Hong Kong companies failing to protect rights of small investors
Compliance with city's corporate governance code falls to lowest level since 2006, putting at risk investments from overseas, says study
Hong Kong companies pay too little attention to corporate governance practices that protect the rights of small shareholders, BDO says.
As a result, foreign investors may be discouraged from putting money into these companies, the international accounting firm says.
A BDO study released last month showed the proportion of Hong Kong firms complying with the city's corporate governance code last year had dropped to its lowest level since the code was introduced in 2006.
"The major reason for the slump is some new requirements introduced in 2012 which many companies failed to comply with. This shows many companies are not willing to make quick changes to their internal systems to comply with the corporate governance code," said Patrick Rozario, a director and head of risk advisory services at BDO, who oversaw the annual compliance review.

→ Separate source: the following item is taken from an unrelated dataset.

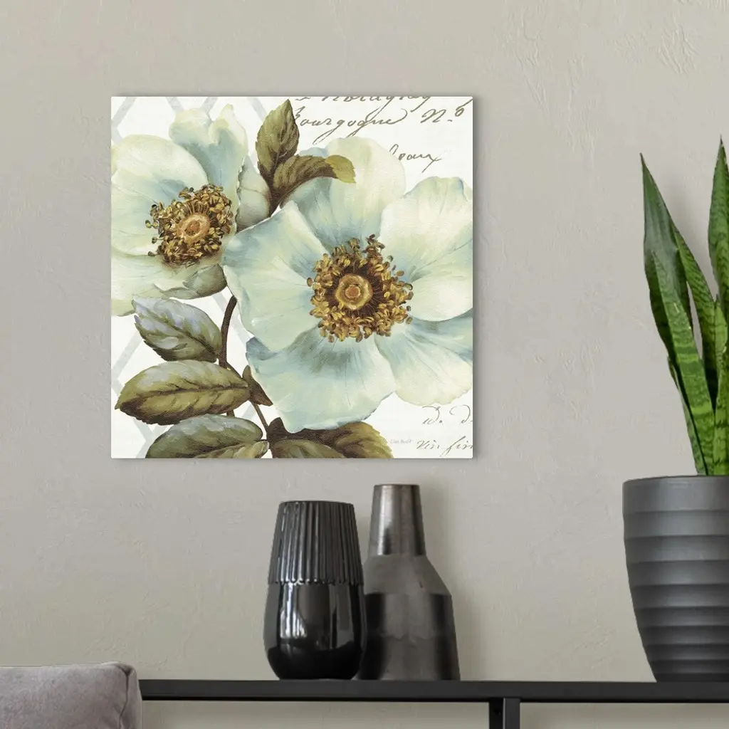 White Floral Bliss I wall art for home and office decor. Discover canvas art prints, photos, mural, big canvas art and framed wall art in GreatBigCanvas.com's varied collections.

Rozario told the South China Morning Post that Hong Kong remained attractive to international investors because the mainland had not yet opened up its stock markets, so those wanting to invest in mainland firms were forced to trade in their H shares listed in the city.
"However, once China has its free-trade zones and other reforms to open up its markets, international investors will directly invest in mainland China," he said. "If that happens, what Hong Kong can compete on to retain the international investors is the quality of the market.
"The recent corporate governance review, however, was disappointing. If companies do not make improvements to keep high corporate governance standards, Hong Kong will lose out to the mainland market."
Rozario said a major area of non-compliance was the requirement that a firm must have a whistle-blowing policy in place for people to report any malpractices. None of the H-share firms has such a policy.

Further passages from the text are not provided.